++++ Provided records ++++
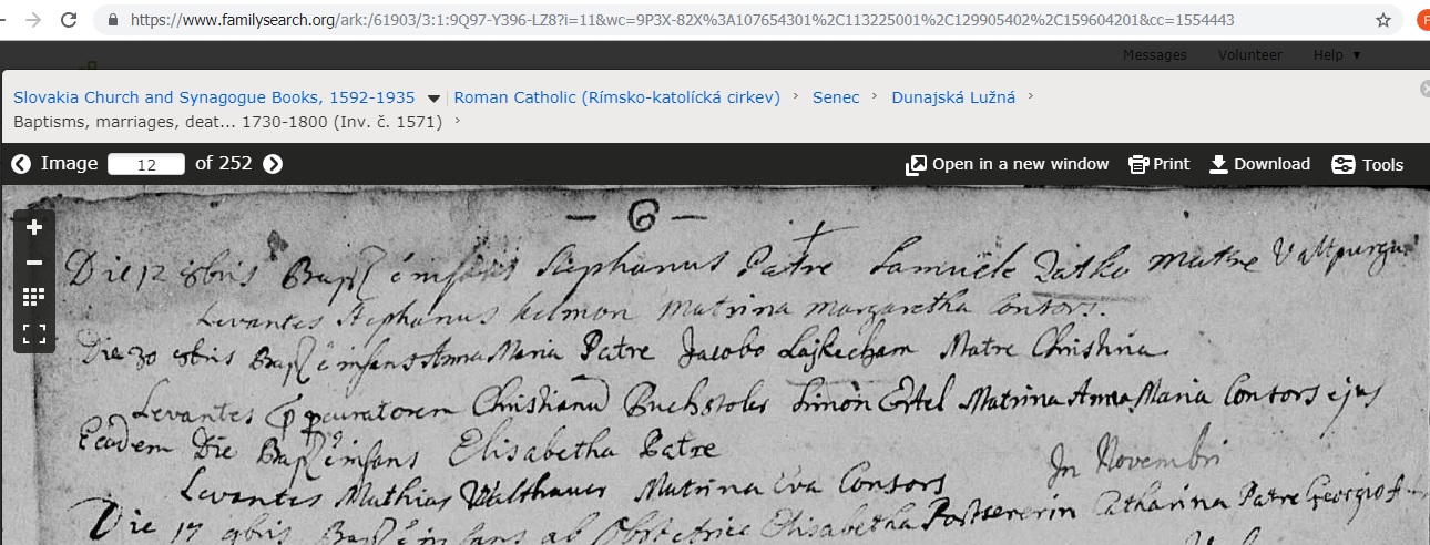 Prosím o pomoc pri preklade zápisu narodenia Štefana Satko. Mne sa podarilo určiť 12. mesiac ? 1735 sa narodil Štefan Satko, otec Samuel Satko matka Vatt...... krsný Štefan Kolman krsná Margaréta Ďakujem.
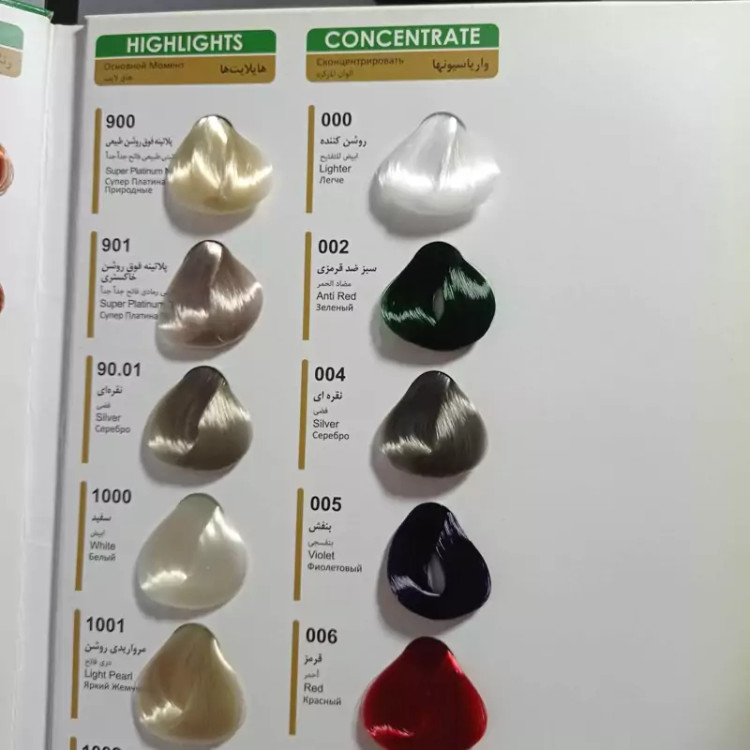 با سلام رنگ موی دورلایت کیفیت عالی 100 میل رنگ موی دورلایت با آمونیاک خیلی کم میباشد حاوی روغن آرگان،روغن زیتون ، روغن جوجوبا ،روغن ماکادمیا میباشد آبرسان و جلوگیری از خشکی و موخوره حاوی کراتین ترمیم کننده بافت کراتین مو حفظ رطوبت مو و جلوگیری از خشکی و آسیب دیدگی انها تاریخ انقضاء تاسه سال قچ
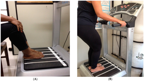 The COPD individuals of the Sitting group (SitG) were sitting in an ancillary chair (Figure 3A) in front of the VP with the feet on the base of the VP and the hands maintained in contact with their knees. The individuals of the Stand group (StandG) were standing on the base of the SAVP (Figure 3B). The individuals in both groups had a squat position with the knees flexed at 120–130° (measured using a goniometer Carci®, São Paulo, Brazil).
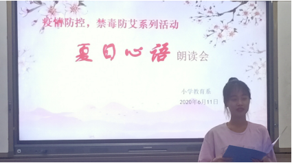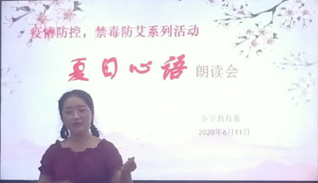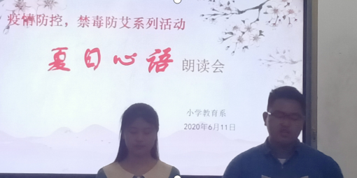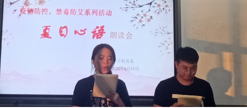 小扇引微凉,悠悠夏日长。2020年的春节,本是阖家欢乐,喜气洋洋的日子,但我国却爆发了新冠病毒。不过,通过我们全国人民的共同努力,我们最终打赢了这场疫情防控阻击战,今日,我系举行了“疫情防控,禁毒防艾”的夏日心语朗读会。
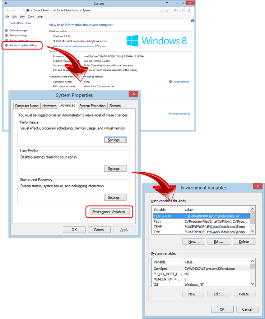 This is achieved by navigating into control panel, then selecting System (the Windows key and Pause being an excellent shortcut), then Advanced system settings; Environment Variables. This can be seen in the figure below.
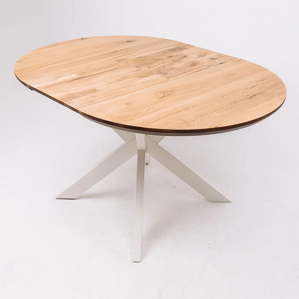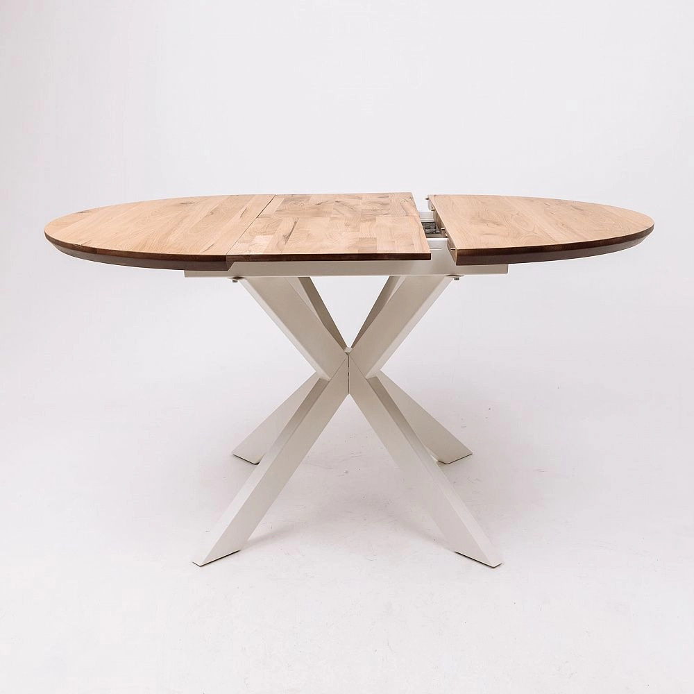 Стол РАУНД, дуб натуральный/белый, 100(140)*75
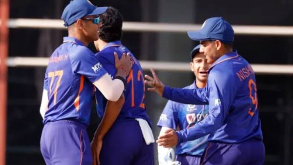 முதல் விக்கெட்டுக்கு இந்த ஜோடி 40 ரன்கள் சேர்த்தது. ஹர்னூர் சிங் 15 ரன்களில் ஆட்டமிழக்க,கேப்டன் நிஷாந்த் 15 ரன்களில் வெளியேறினார். இதனையடுத்து ஜோடி சேர்ந்த ஆங்கிரிஷ், ராஜ் பவா ஜோடி, உகாண்டா பந்துவீச்சை உப்புக்கண்டம் போட்டனர். இவர்களது அதிரடியால் ஸ்கோர் ராக்கெட் வேகத்துக்கு உயர்ந்தது.
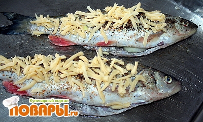 Сыр натираем на крупной терке и присыпаем рыбу сверху.
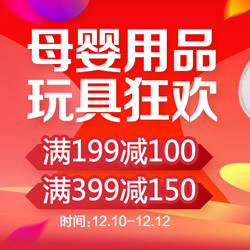 京东双12母婴用品促销专场,满199-100/399-150。京东昨日开启了一场母婴用品促销活动,全场满199-100、399-150元的优惠力度。
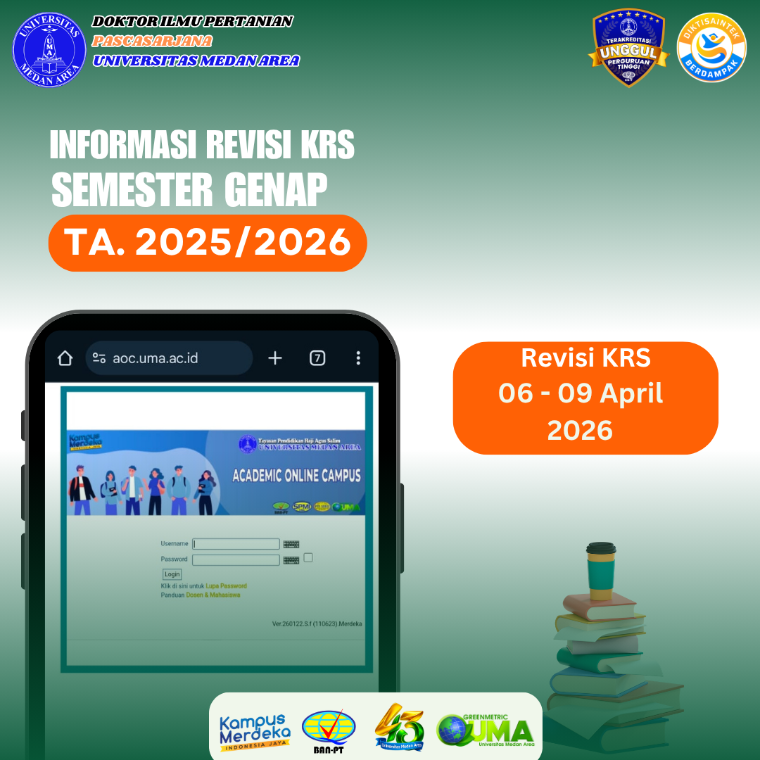 Program Studi Doktor Ilmu Pertanian Pascasarjana Universitas Medan Area menginformasikan kepada seluruh mahasiswa bahwa periode revisi Kartu Rencana Studi (KRS) Semester Genap Tahun Akademik 2025/2026 akan dilaksanakan pada:
++++
# What you have to do
The line with "Сыр натираем на" ends the range, and the first line of the data begins it; repeat exactly those lines and nothing more, omitting pictures.

# Answer for this exercise
 Prosím o pomoc pri preklade zápisu narodenia Štefana Satko. Mne sa podarilo určiť 12. mesiac ? 1735 sa narodil Štefan Satko, otec Samuel Satko matka Vatt...... krsný Štefan Kolman krsná Margaréta Ďakujem.
 با سلام رنگ موی دورلایت کیفیت عالی 100 میل رنگ موی دورلایت با آمونیاک خیلی کم میباشد حاوی روغن آرگان،روغن زیتون ، روغن جوجوبا ،روغن ماکادمیا میباشد آبرسان و جلوگیری از خشکی و موخوره حاوی کراتین ترمیم کننده بافت کراتین مو حفظ رطوبت مو و جلوگیری از خشکی و آسیب دیدگی انها تاریخ انقضاء تاسه سال قچ
 The COPD individuals of the Sitting group (SitG) were sitting in an ancillary chair (Figure 3A) in front of the VP with the feet on the base of the VP and the hands maintained in contact with their knees. The individuals of the Stand group (StandG) were standing on the base of the SAVP (Figure 3B). The individuals in both groups had a squat position with the knees flexed at 120–130° (measured using a goniometer Carci®, São Paulo, Brazil).
 小扇引微凉,悠悠夏日长。2020年的春节,本是阖家欢乐,喜气洋洋的日子,但我国却爆发了新冠病毒。不过,通过我们全国人民的共同努力,我们最终打赢了这场疫情防控阻击战,今日,我系举行了“疫情防控,禁毒防艾”的夏日心语朗读会。
 This is achieved by navigating into control panel, then selecting System (the Windows key and Pause being an excellent shortcut), then Advanced system settings; Environment Variables. This can be seen in the figure below.
 Стол РАУНД, дуб натуральный/белый, 100(140)*75
 முதல் விக்கெட்டுக்கு இந்த ஜோடி 40 ரன்கள் சேர்த்தது. ஹர்னூர் சிங் 15 ரன்களில் ஆட்டமிழக்க,கேப்டன் நிஷாந்த் 15 ரன்களில் வெளியேறினார். இதனையடுத்து ஜோடி சேர்ந்த ஆங்கிரிஷ், ராஜ் பவா ஜோடி, உகாண்டா பந்துவீச்சை உப்புக்கண்டம் போட்டனர். இவர்களது அதிரடியால் ஸ்கோர் ராக்கெட் வேகத்துக்கு உயர்ந்தது.
 Сыр натираем на крупной терке и присыпаем рыбу сверху.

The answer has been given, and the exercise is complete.